# power surge



## Guest (Jan 20, 2008)

im planning to buy a power surge for my home theather system. my budget is about $50-$150. any recommandation? i check on google and it stated Newpoint. 

http://www.keenzo.com/showproduct.asp?M=NEWPOINT&ID=805303&ref=GB


----------



## eugovector (Sep 4, 2006)

I like Tripp Lite products.


----------



## tonyvdb (Sep 5, 2007)

eugovector said:


> I like Tripp Lite products.


I agree, the Tripp Lite products are very good and not overpriced like Monster. I have 4 Tripp Lite Isobars, they have guarantees that if any equipment is damaged due to a surge when plugged into it they will replace the equipment up to $50,000 
The Isobars also have noise filters on each plug so you get that added bonus.


----------



## bonehead848 (Jan 21, 2007)

Sams is having a closeout on this line conditioner, put in your zip and see if your local store has it.

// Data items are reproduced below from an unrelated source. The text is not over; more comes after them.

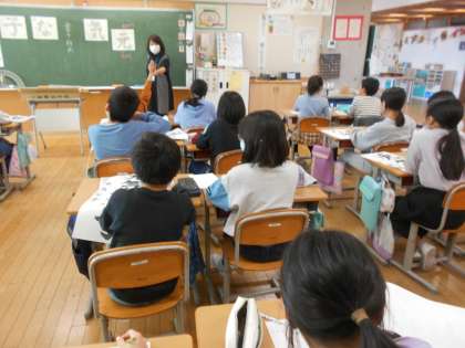 4年生が書き初めの練習をしていました(右)。もうそんな季節ですね。
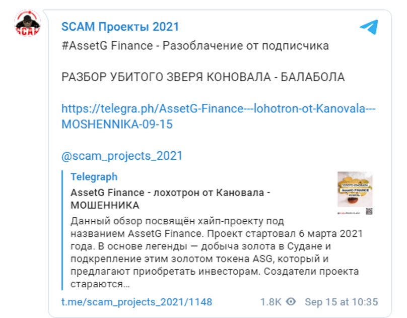 Теперь же Дмитрий Коновал организовал новый проект, с новым названием – «AssetG.Finance» но со старыми схемами.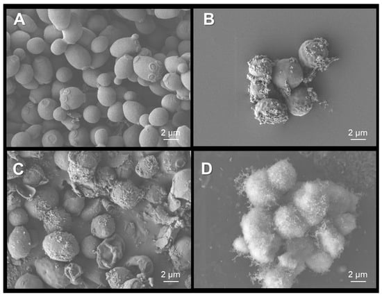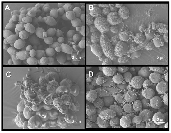 SEM analysis of C. albicans exposed to Co0.8Ni0.2Fe2O4 and physical treatments: (A) Untreated control, (B) exposure to cobalt–nickel ferrites, (C) cobalt–nickel ferrites and UVC radiation, (D) cobalt–nickel ferrites combined with UVC radiation, electrical current, and magnetic field.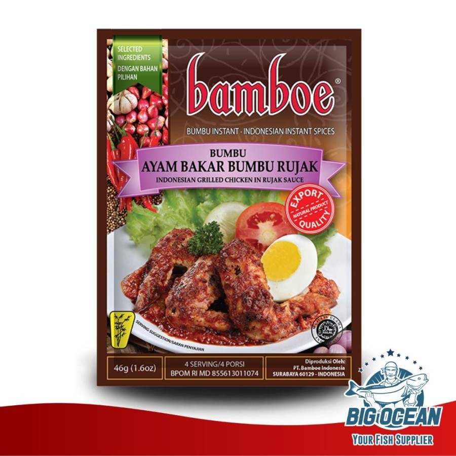 Bamboe Bumbu Bali adalah bumbu instan yang praktis untuk membantu memasak Ayam masak berbumbu. Bumbu ini diolah menggunakan bahan-bahan pilihan yang berkualitas untuk menghasilkan hidangan bumbu bali yang lezat. Cocok untuk membuat bumbu bali dari berbagai bahan daging, seperti sapi, kambing, bahkan ayam. 1 sachet bumbu instan ini memiliki berat 35 gram dan dapat digunakan untuk memasak 4 porsi makan.
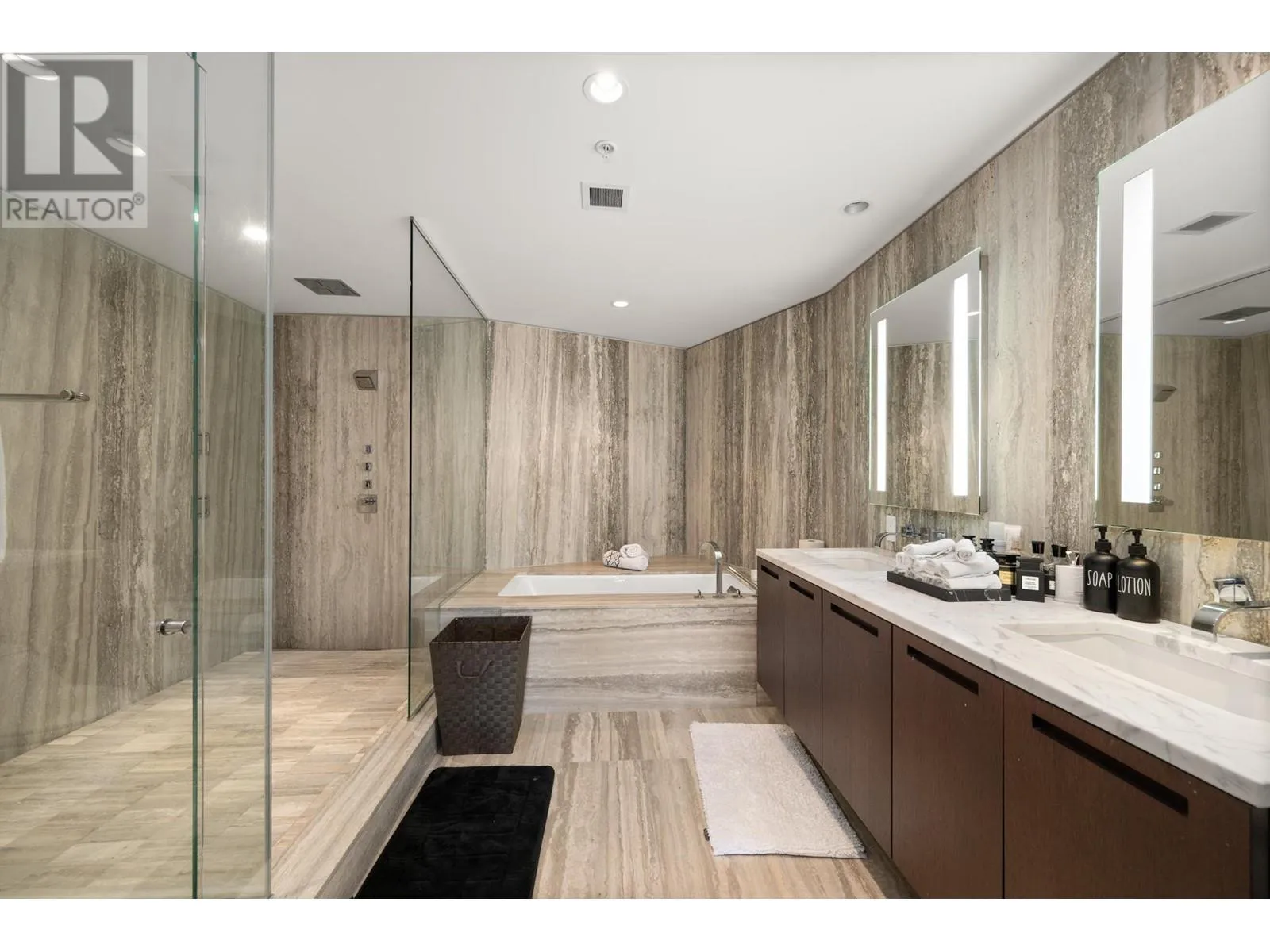 Experience luxury living at its finest in this world-class residence at the highly coveted Fairmont Pacific Rim Estates. Situated in Downtown Vancouver´s most prestigious Coal Harbour with spectacular panoramic water, city, and mountain views. This upscale 2 Bed, 2.5 Bath + Den home offers 2,321 SF of contemporary living space with an expansive 270 SF balcony. Discover high-quality finishes, floor-to-ceiling windows, and Italian Boffi kitchen equipped with top-of-the-line Miele & Sub-Zero appliances. Includes 3 parking stalls. Enjoy access to five-star hotel amenities including concierge, fully equipped fitness centre, outdoor pool, spa, and room service. Steps to scenic Seawall and Canada Place; close proximity to Stanley Park, high-end restaurants & shopping, financial district. (id:27476)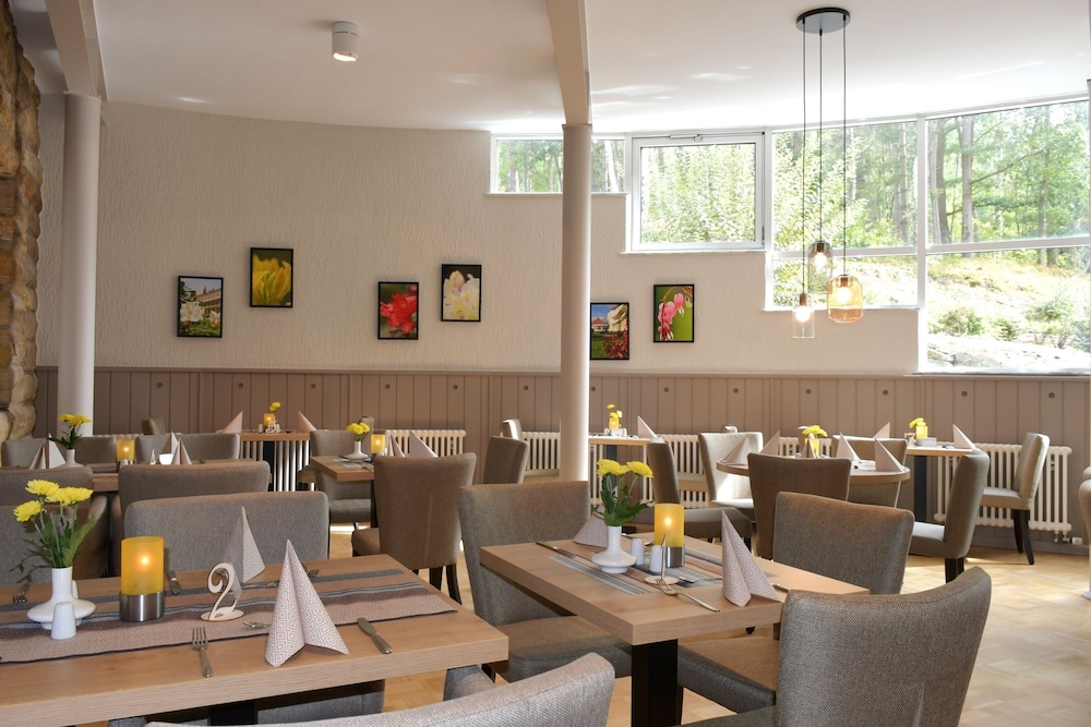 Featuring free WiFi throughout the property Hotel Am Burgholz offers pet-friendly accommodation in Tabarz. The hotel has a swimming pool sauna and fitness centre and guests can enjoy a drink at the bar. Free private parking is available on site.All rooms include a flat-screen TV. Some units have a seating area to relax in after a busy day. Certain units feature views of the mountains or garden. For your comfort you will find free toiletries and a hair dryer.This hotel has ski storage space and ski equipment hire is available. Guests can enjoy various activities in the surroundings including skiing and cycling. The hotel also offers bike hire. The nearest airport is Erfurt Airport 32 km from the property.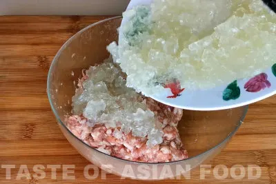 - Add the aspic to the minced meat. The amount of aspic should be the same as the filling. Mix well.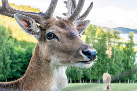 Male European fallow deer in the meadow. Close-up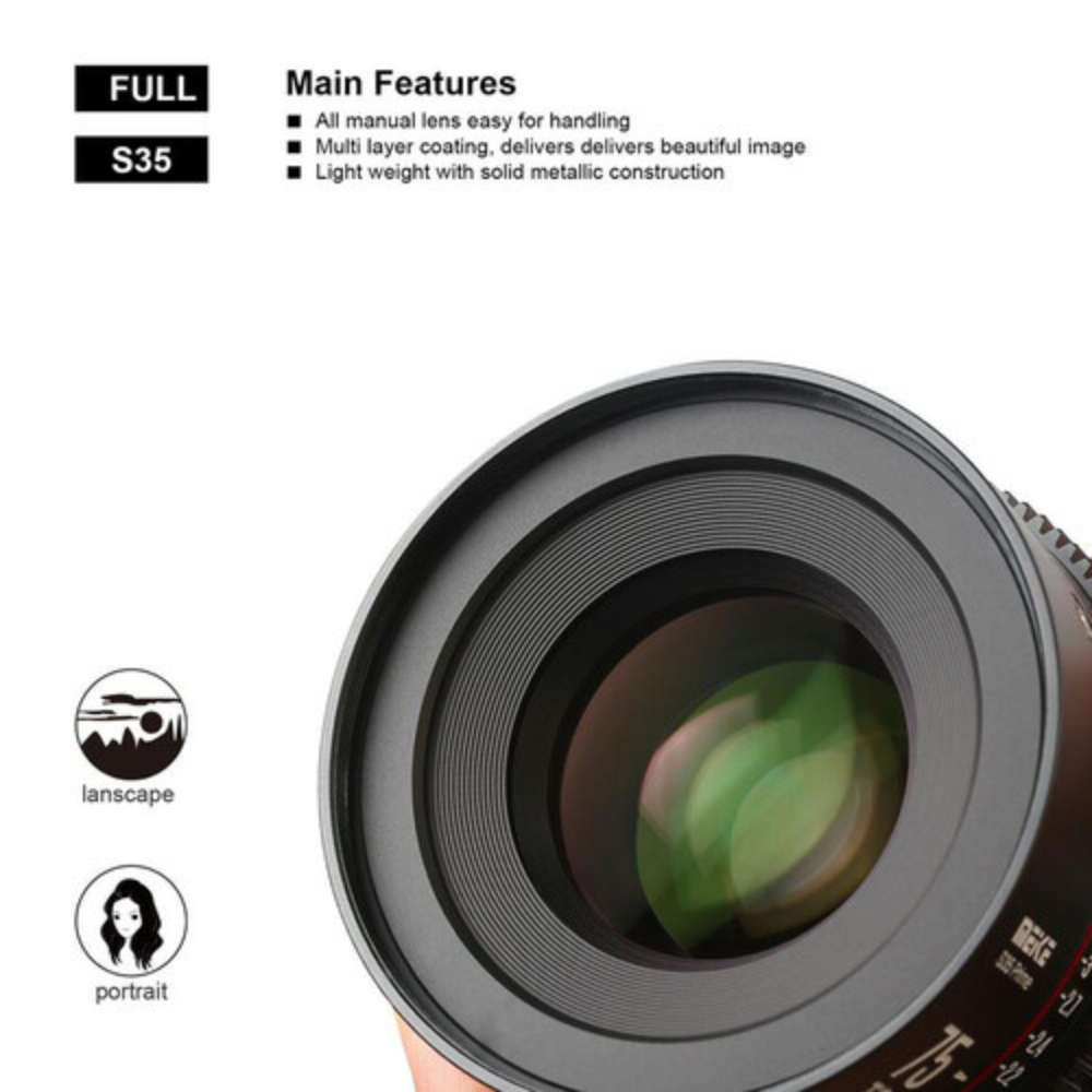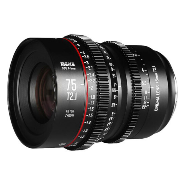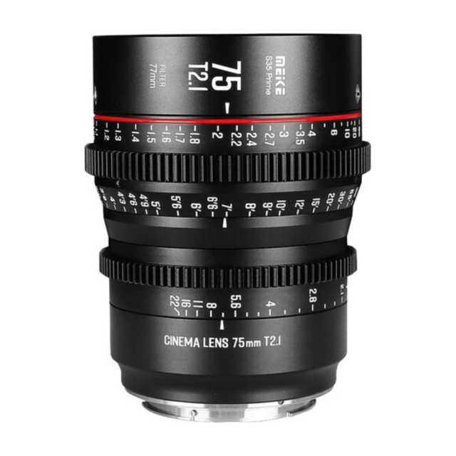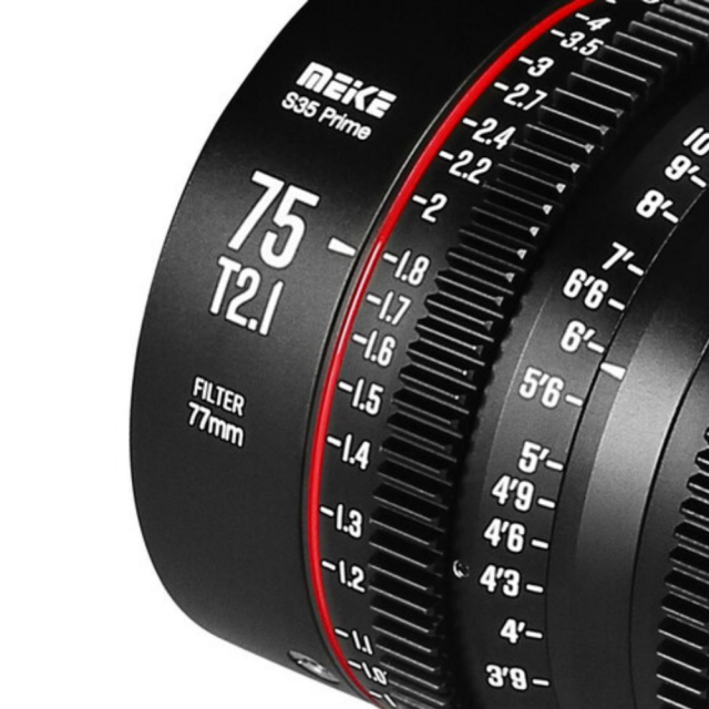 Tretí kinofilmový objektív Meike v sérii Super35-Prime Cine Lens: Meike 75 mm T2.1. Tento objektív s obrazovým kruhom 33,6 mm je kompatibilný s fotoaparátmi Super 35 a bude k dispozícii v dvoch bajonetoch, PL/EF.Tento objektív je jedným z kinofilmových objektívov Meike v novej sérii Super35-Prime Cine Lens Series.Má štandardné 0,8 mm ozubené kolieska na zaostrovacom a clonovom krúžku.
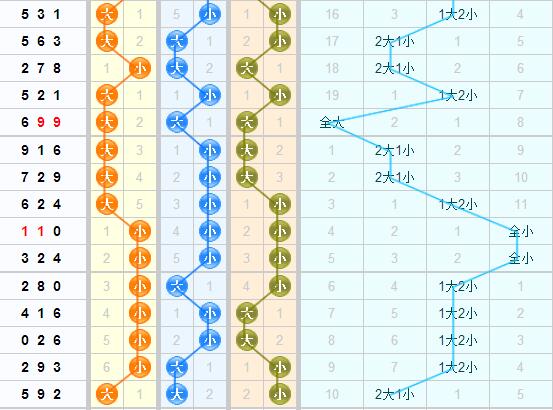个位:分析近期的个位大小走势,个位上期开出的是两个小号,分析近期的个位走势,本期看好个位上的大号的开出。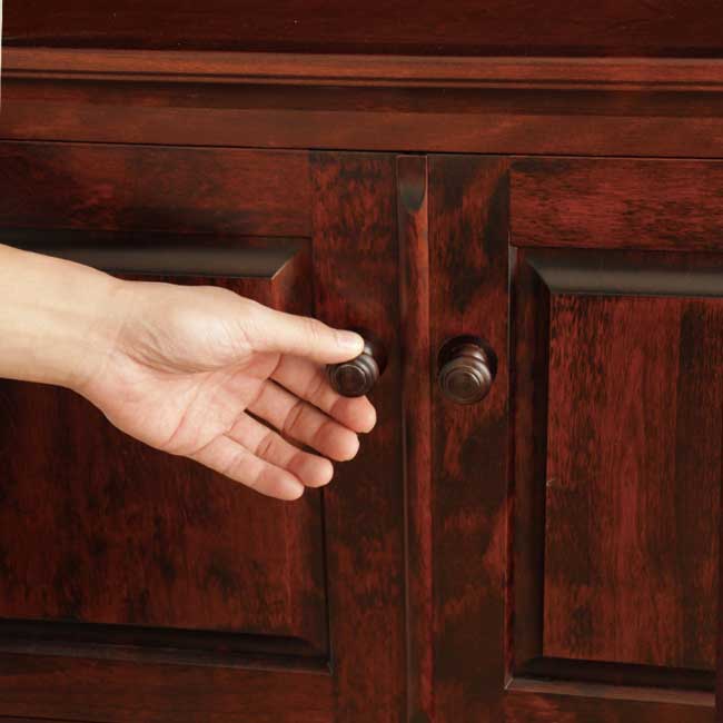 気になる素材は「カバ」。それも北海道産にこだわりました。均等で緻密な木目と質感はまるでシルクのような肌ざわりで、高品質な民芸家具にしっくりと馴染みます。また重硬で丈夫な木質は、開閉を繰り返す食器棚に最適です。塗装は汚れや傷から家具を守る上質なウレタンを使用し、赤みを際立たせる「北海カラー」というオリジナルの色で仕上げました。経年によりツヤはさらに増し、深い飴色に輝きます。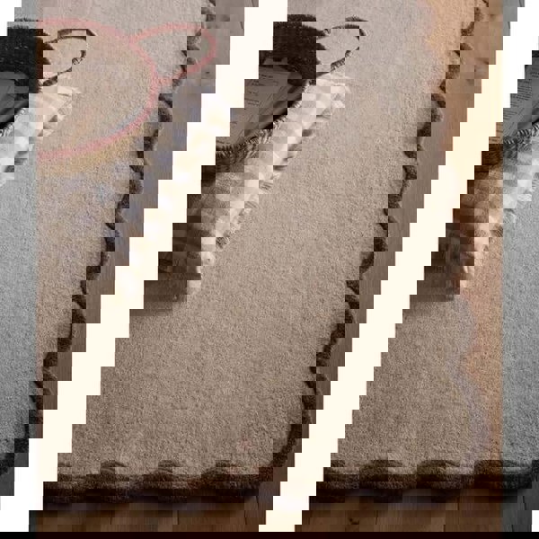 Enhance your home with the Wool Scalloped Natural Brown Rug Bordered Design, featuring a cut-out scalloped edge in a complementary shade. Crafted from hand-tufted wool, this rug offers a luxurious feel underfoot while its playful yet elegant design adds subtle character to bedrooms, living spaces, or reading nooks.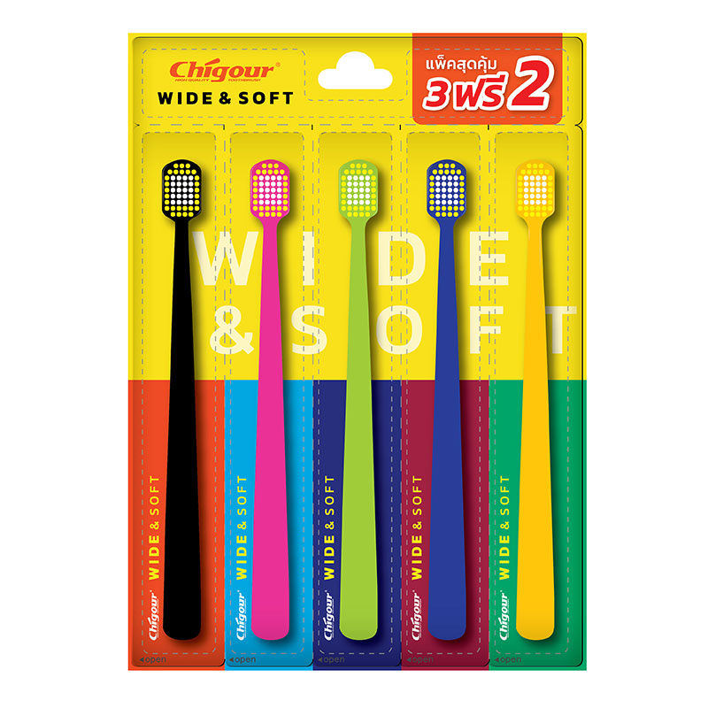 ชีกัวร์ แปรงสีฟัน ไวด์&ซอฟท์ x 3+2

Its normally priced around $200
http://www.samsclub.com/shopping/navigate.do?dest=5&item=362029


----------



## brent_s (Feb 26, 2007)

If you're looking for something to put in your equipment rack, the Belkin PF60 looks like I real nice unit. The Shack Store currently shows it as low as $218, but I've seen it close to $150 at various retailers in the past. 

-Brent


----------